▶ [EXERCISE AIM]:
Within the records below is a range that opens at the line with "カリッと揚がった春巻きは美味" and closes at the line with "チューリップなど春のお花で飾られた和風のアレンジメント。". Return that range word for word, both ends included, and only that range.

▶ [SUPPLIED RECORDS]:

[Start of section]

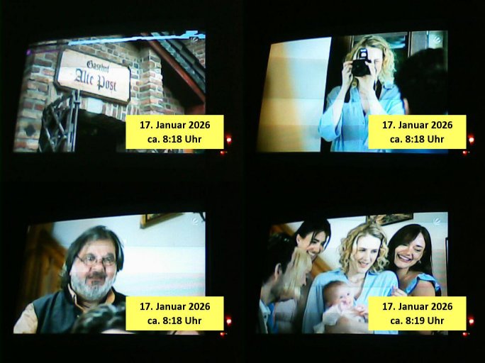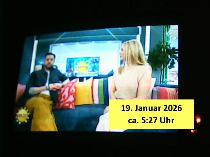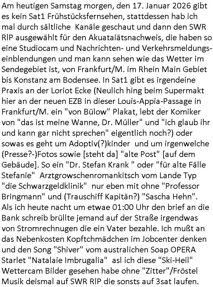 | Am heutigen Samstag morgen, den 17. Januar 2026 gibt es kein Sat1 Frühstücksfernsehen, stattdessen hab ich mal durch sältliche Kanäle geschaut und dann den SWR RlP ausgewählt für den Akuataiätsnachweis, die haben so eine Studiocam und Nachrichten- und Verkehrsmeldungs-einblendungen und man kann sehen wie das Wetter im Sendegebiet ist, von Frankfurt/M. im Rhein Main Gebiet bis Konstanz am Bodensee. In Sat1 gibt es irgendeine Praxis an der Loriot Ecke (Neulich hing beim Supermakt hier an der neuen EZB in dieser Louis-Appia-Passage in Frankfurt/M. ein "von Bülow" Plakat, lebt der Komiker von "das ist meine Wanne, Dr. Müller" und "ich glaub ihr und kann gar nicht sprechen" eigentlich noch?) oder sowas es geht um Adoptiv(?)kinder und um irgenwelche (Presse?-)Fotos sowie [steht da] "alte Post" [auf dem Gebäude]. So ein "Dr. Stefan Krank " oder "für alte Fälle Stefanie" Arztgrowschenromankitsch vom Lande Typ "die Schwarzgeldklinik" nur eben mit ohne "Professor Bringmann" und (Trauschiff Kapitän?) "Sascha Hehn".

[End of section]
[Start of section]

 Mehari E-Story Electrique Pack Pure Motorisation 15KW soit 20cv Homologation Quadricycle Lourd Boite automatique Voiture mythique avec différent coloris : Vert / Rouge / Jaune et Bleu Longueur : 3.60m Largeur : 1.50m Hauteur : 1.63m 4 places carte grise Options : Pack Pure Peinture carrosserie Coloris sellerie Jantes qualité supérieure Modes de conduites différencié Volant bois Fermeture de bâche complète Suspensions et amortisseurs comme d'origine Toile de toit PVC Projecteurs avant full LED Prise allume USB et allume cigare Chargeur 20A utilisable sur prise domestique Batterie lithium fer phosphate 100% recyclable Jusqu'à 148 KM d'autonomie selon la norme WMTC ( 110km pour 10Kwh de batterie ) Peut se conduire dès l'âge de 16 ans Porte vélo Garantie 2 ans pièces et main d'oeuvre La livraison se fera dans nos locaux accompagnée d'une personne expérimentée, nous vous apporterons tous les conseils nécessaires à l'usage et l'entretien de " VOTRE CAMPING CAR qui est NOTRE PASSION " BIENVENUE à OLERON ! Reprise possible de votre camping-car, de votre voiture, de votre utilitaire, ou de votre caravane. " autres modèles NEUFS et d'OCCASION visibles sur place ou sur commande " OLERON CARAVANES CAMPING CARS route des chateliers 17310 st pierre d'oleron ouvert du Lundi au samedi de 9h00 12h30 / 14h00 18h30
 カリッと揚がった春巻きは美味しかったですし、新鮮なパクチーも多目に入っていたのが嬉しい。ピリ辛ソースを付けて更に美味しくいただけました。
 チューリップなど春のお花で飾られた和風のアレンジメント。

[End of section]

▶ [TASK SOLUTION]:
 カリッと揚がった春巻きは美味しかったですし、新鮮なパクチーも多目に入っていたのが嬉しい。ピリ辛ソースを付けて更に美味しくいただけました。
 チューリップなど春のお花で飾られた和風のアレンジメント。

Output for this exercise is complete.